Now, if I walk up with a head in my hand and carry it up to the camera, technically we will not know the difference. We don’t have any idea if you have a heart or a pulse, all we know is that it’s not a flat image, it’s not a mask or a picture of a person, it is a real face. And we do expect you to have your eyes open. So if the eyes are closed, we can’t do it, and you would not be given access.

So if you were trying to open up an ATM that uses facial recognition, and you just needed their head, you’d still have to get their eyes open, they would still have to blink. So there would be a liveness check going on, saying “They never blinked through that whole time. Let’s have them smile.” And so our system would actually prompt you to please turn your head to the right, and please stick your tongue out.

If you could perform those with a head detached? Yes, you could fool the system. But I don’t especially like your chances.

Schools and malls


Hey, you sit down with a facial recognition specialist, there are some things you absolutely have to ask. You mentioned earlier that you could use the system to not only tell how old somebody is but their mood at the time?


That’s correct.

The potential of infrared cameras for the future.

The potential for facial recognition with infrared cameras.


Is there a way to use it to spot when people are feeling violent? Because that might be handy at school gates and mall doors and venue turnstiles, no? If you could stop anyone who was feeling extremely violent before they got in?
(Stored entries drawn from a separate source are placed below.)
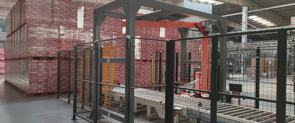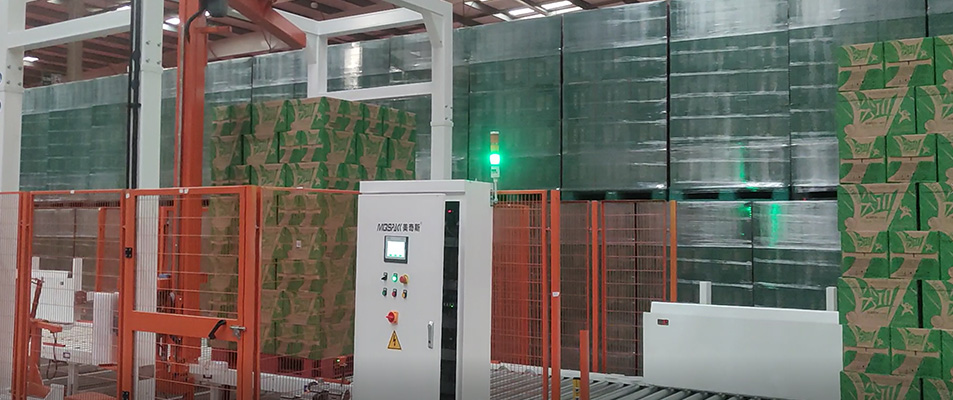 比利時飲料廠后道包裝現(xiàn)場美奇斯懸臂式覆頂纏膜機入駐比利時飲料廠,提供后道包裝系統(tǒng)服務(wù)。全自動化設(shè)備,...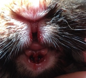 Links ziet u het bekje van Moos nadat alles verwijderd is. Het bloeden is volledig verstopt en Moos begint al wakker te worden. Het is keurig naar wens verlopen.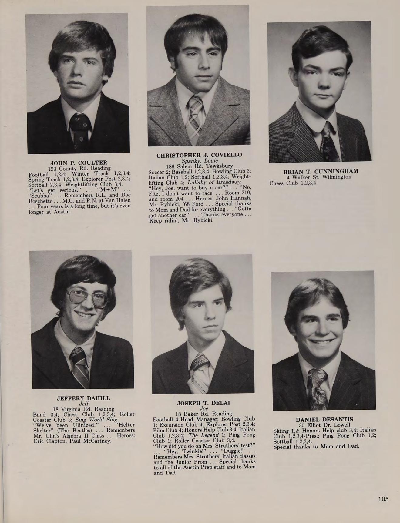 34 Audubon Rd. Reading Chess Club 1; Italian Club 1,2; Softball 2,3,4.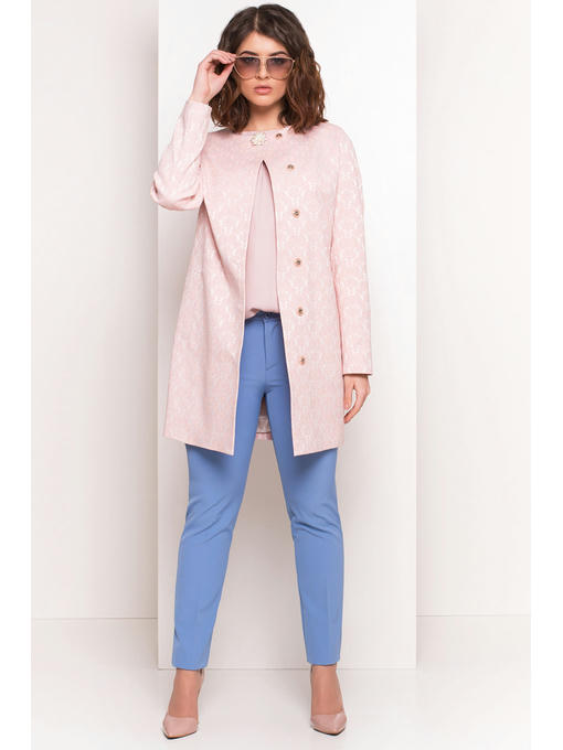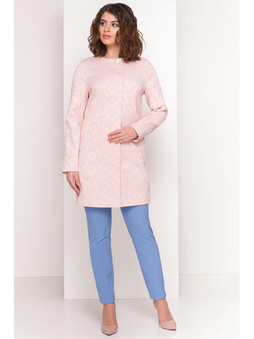 Плащ прямого кроя до середины бедра. Однобортный, с женственной округлой горловиной – лодочкой. Богатство жаккардовой ткани хорошо сочетается с лаконичностью кроя. Скрытая застежка на кнопках. По бокам – прорезные карманы.Довершает образ – брошь застежка у самой горловины.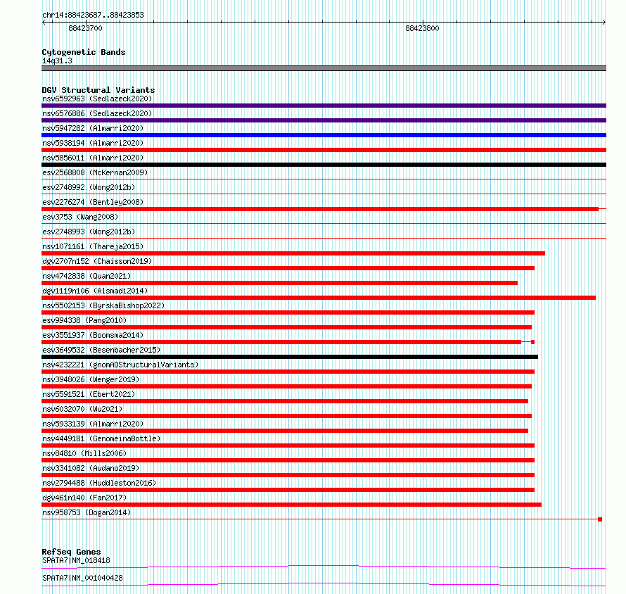 Variant DetailsVariant: essv6688525| Internal ID | 10102306 | | Landmark | | | Location Information | | | Cytoband | 14q31.3 | | Allele length | | Assembly | Allele length | | hg38 | 167 | | hg19 | 167 |
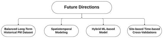 ML emerges as a powerful tool for estimating PM concentrations. ML-based models, when trained on diverse datasets that integrate meteorological and land-use information, can capture complex relationships and provide spatially extensive, low-cost, and accurate estimations of PM concentrations [,]. Accurate estimates allow for better tracking of air pollution levels, helping authorities to identify high-risk areas and reduce exposure to protect public health [,]. Several ML-based models have achieved good results in improving estimation accuracy, for example:

I get asked that question every single day. Can I tell if someone’s going to commit a crime? Can I tell if somebody’s under that much stress?

I can’t.

What I can report is whether they’re happy, sad, neutral. We don’t have a lot of emotions in the system. Stress is one I get asked for on a regular basis. Employers tell us they’d like to know if an employee comes back to work stressed out, so maybe they can get them some help. And it makes perfect sense, what they want to do with it. It’s not trying to try to pick people out of a crowd, but it is one of those things that I get asked for on a regular basis. And it’s just that we haven’t trained our models well enough to do that yet. We’re looking at it though. We’re looking at those capabilities.


Something for the future, then?


Absolutely it is, and it and there are ways to tell. The way the veins in the face are and things like that. There’s a lot that you can tell with an infrared camera. I can tell if your temperature is rising, I can tell a lot of stress information. So I imagine we’ll be able to test for a lot of those things in four or five years.